(Your instructions):
What is needed here is each entry reproduced exactly, without its pictures.

★ ★ ★

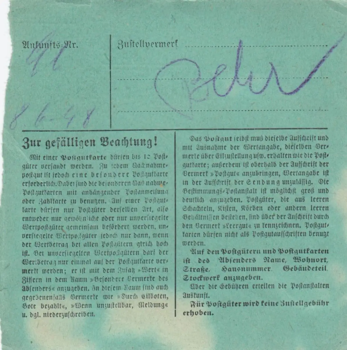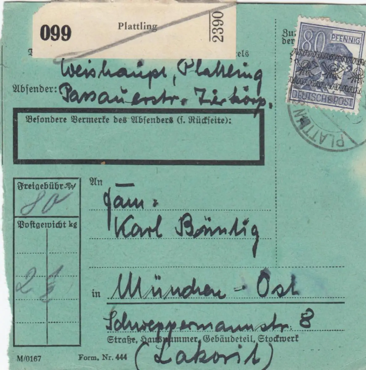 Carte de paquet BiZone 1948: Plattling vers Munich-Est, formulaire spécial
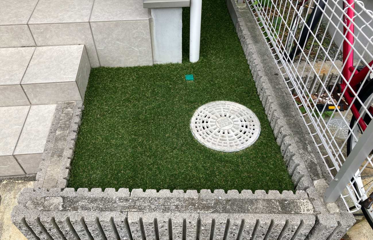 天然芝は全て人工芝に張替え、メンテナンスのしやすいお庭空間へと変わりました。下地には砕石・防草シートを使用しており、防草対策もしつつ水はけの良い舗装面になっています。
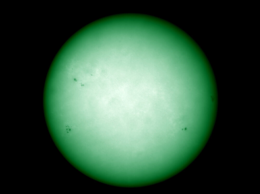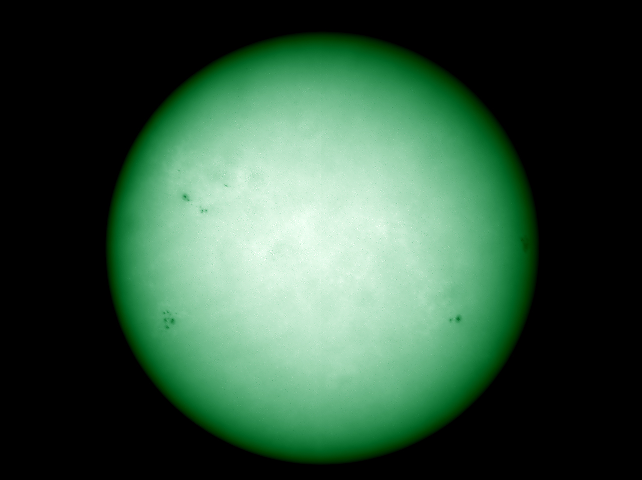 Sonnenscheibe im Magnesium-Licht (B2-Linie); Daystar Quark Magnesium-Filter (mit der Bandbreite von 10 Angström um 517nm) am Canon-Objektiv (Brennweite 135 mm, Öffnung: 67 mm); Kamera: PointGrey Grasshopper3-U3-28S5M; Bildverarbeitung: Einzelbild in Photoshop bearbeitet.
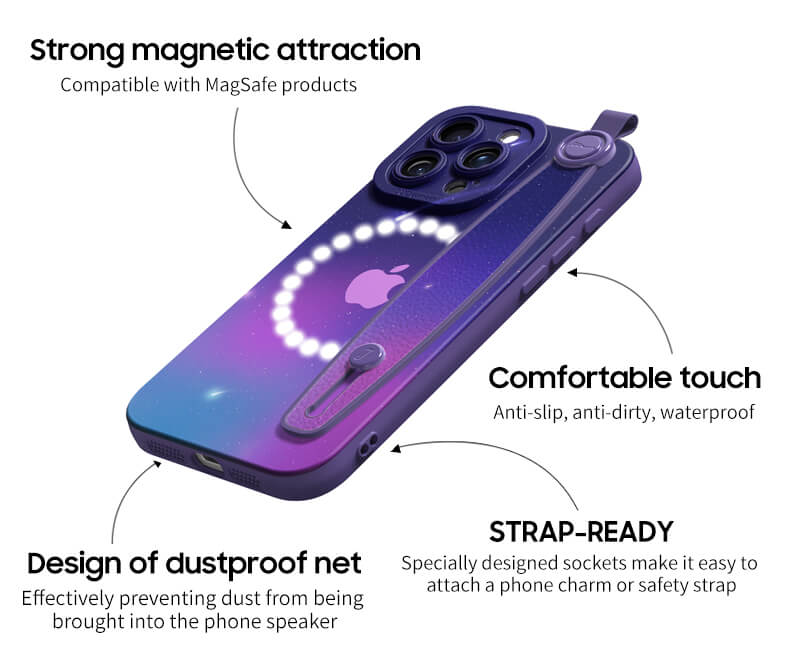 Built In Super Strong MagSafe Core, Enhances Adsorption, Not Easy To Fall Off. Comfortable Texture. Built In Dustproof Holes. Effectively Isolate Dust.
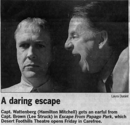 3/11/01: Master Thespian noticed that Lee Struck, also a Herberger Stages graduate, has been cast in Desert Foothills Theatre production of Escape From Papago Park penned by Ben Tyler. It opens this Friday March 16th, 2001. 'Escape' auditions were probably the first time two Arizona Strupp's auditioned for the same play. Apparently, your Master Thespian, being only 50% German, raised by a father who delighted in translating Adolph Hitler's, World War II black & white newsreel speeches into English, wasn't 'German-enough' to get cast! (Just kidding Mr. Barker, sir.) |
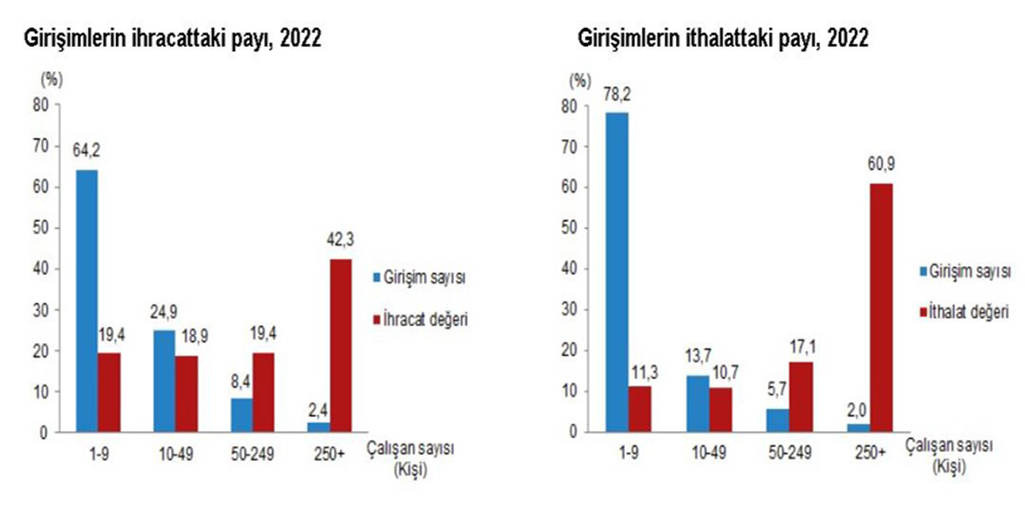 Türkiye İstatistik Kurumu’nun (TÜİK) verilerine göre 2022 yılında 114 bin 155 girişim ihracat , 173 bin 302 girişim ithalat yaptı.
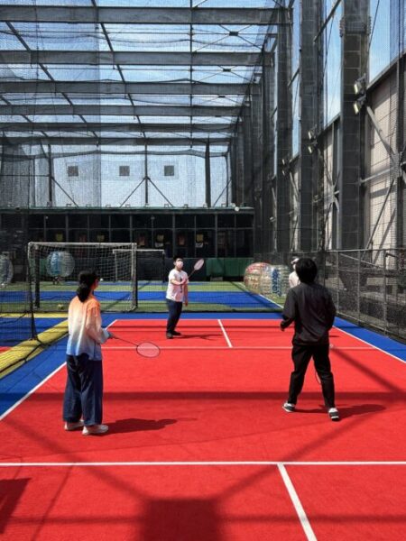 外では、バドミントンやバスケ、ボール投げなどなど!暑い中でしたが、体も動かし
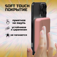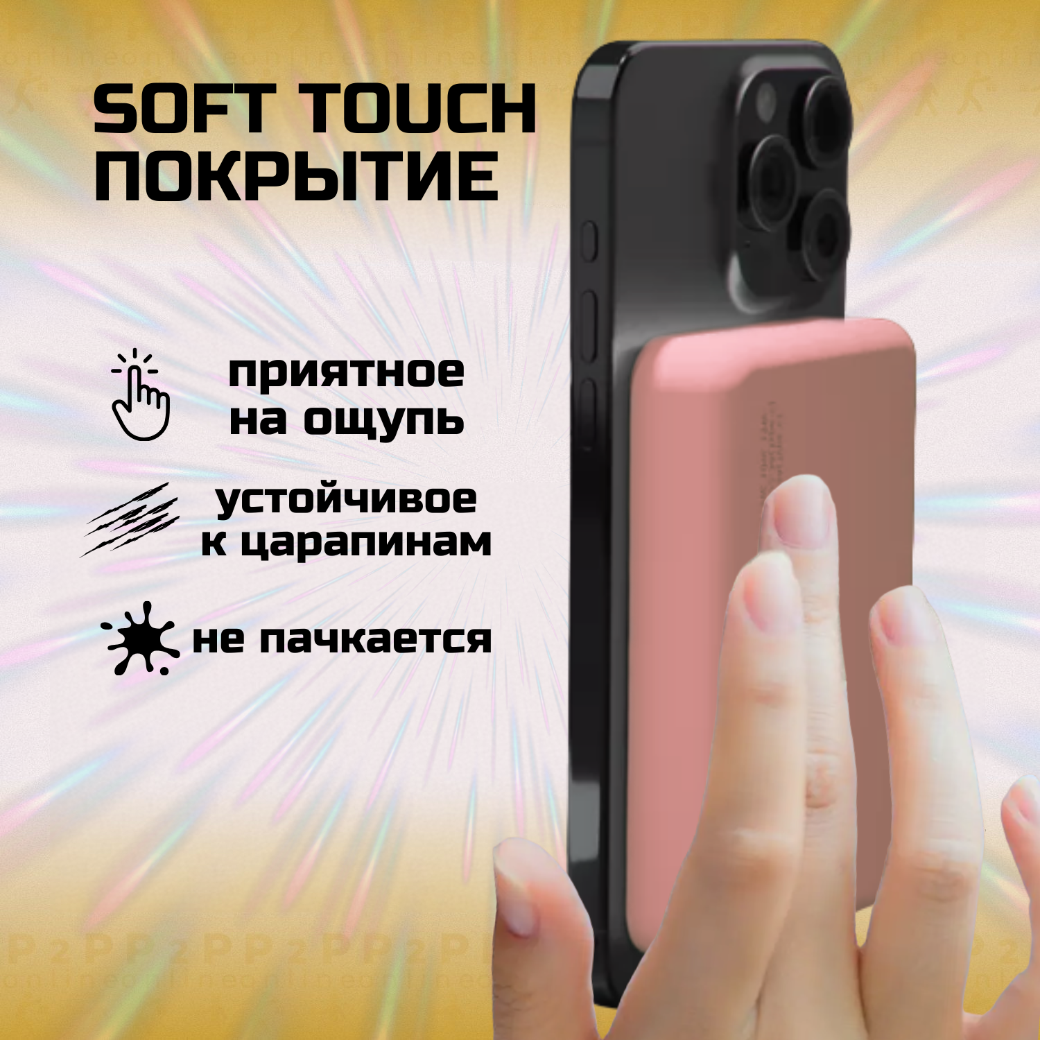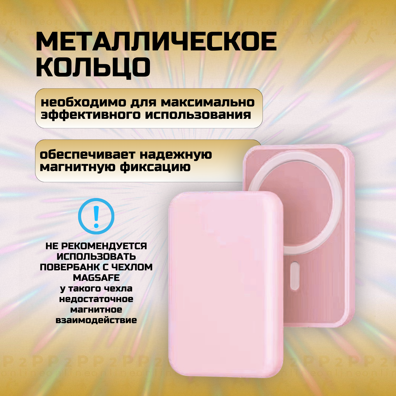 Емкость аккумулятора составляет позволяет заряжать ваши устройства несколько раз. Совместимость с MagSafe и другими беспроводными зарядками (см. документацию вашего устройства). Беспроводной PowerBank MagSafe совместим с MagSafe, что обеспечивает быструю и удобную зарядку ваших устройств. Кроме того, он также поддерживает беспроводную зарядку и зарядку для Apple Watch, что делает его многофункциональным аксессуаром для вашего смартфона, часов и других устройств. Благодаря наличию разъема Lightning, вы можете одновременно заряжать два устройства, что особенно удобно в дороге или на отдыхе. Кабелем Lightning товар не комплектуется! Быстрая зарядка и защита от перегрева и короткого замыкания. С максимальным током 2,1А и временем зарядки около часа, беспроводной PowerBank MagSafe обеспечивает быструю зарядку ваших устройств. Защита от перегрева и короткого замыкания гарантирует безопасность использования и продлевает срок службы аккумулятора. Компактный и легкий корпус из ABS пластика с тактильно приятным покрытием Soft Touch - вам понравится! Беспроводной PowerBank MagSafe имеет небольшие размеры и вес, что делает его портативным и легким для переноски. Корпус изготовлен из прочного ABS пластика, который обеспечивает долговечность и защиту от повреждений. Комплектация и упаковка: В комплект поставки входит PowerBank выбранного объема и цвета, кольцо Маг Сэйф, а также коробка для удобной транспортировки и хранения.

★ ★ ★

(Answer space):
 Carte de paquet BiZone 1948: Plattling vers Munich-Est, formulaire spécial
 天然芝は全て人工芝に張替え、メンテナンスのしやすいお庭空間へと変わりました。下地には砕石・防草シートを使用しており、防草対策もしつつ水はけの良い舗装面になっています。
 Sonnenscheibe im Magnesium-Licht (B2-Linie); Daystar Quark Magnesium-Filter (mit der Bandbreite von 10 Angström um 517nm) am Canon-Objektiv (Brennweite 135 mm, Öffnung: 67 mm); Kamera: PointGrey Grasshopper3-U3-28S5M; Bildverarbeitung: Einzelbild in Photoshop bearbeitet.
 Built In Super Strong MagSafe Core, Enhances Adsorption, Not Easy To Fall Off. Comfortable Texture. Built In Dustproof Holes. Effectively Isolate Dust.
 3/11/01: Master Thespian noticed that Lee Struck, also a Herberger Stages graduate, has been cast in Desert Foothills Theatre production of Escape From Papago Park penned by Ben Tyler. It opens this Friday March 16th, 2001. 'Escape' auditions were probably the first time two Arizona Strupp's auditioned for the same play. Apparently, your Master Thespian, being only 50% German, raised by a father who delighted in translating Adolph Hitler's, World War II black & white newsreel speeches into English, wasn't 'German-enough' to get cast! (Just kidding Mr. Barker, sir.) |
 Türkiye İstatistik Kurumu’nun (TÜİK) verilerine göre 2022 yılında 114 bin 155 girişim ihracat , 173 bin 302 girişim ithalat yaptı.
 外では、バドミントンやバスケ、ボール投げなどなど!暑い中でしたが、体も動かし
 Емкость аккумулятора составляет позволяет заряжать ваши устройства несколько раз. Совместимость с MagSafe и другими беспроводными зарядками (см. документацию вашего устройства). Беспроводной PowerBank MagSafe совместим с MagSafe, что обеспечивает быструю и удобную зарядку ваших устройств. Кроме того, он также поддерживает беспроводную зарядку и зарядку для Apple Watch, что делает его многофункциональным аксессуаром для вашего смартфона, часов и других устройств. Благодаря наличию разъема Lightning, вы можете одновременно заряжать два устройства, что особенно удобно в дороге или на отдыхе. Кабелем Lightning товар не комплектуется! Быстрая зарядка и защита от перегрева и короткого замыкания. С максимальным током 2,1А и временем зарядки около часа, беспроводной PowerBank MagSafe обеспечивает быструю зарядку ваших устройств. Защита от перегрева и короткого замыкания гарантирует безопасность использования и продлевает срок службы аккумулятора. Компактный и легкий корпус из ABS пластика с тактильно приятным покрытием Soft Touch - вам понравится! Беспроводной PowerBank MagSafe имеет небольшие размеры и вес, что делает его портативным и легким для переноски. Корпус изготовлен из прочного ABS пластика, который обеспечивает долговечность и защиту от повреждений. Комплектация и упаковка: В комплект поставки входит PowerBank выбранного объема и цвета, кольцо Маг Сэйф, а также коробка для удобной транспортировки и хранения.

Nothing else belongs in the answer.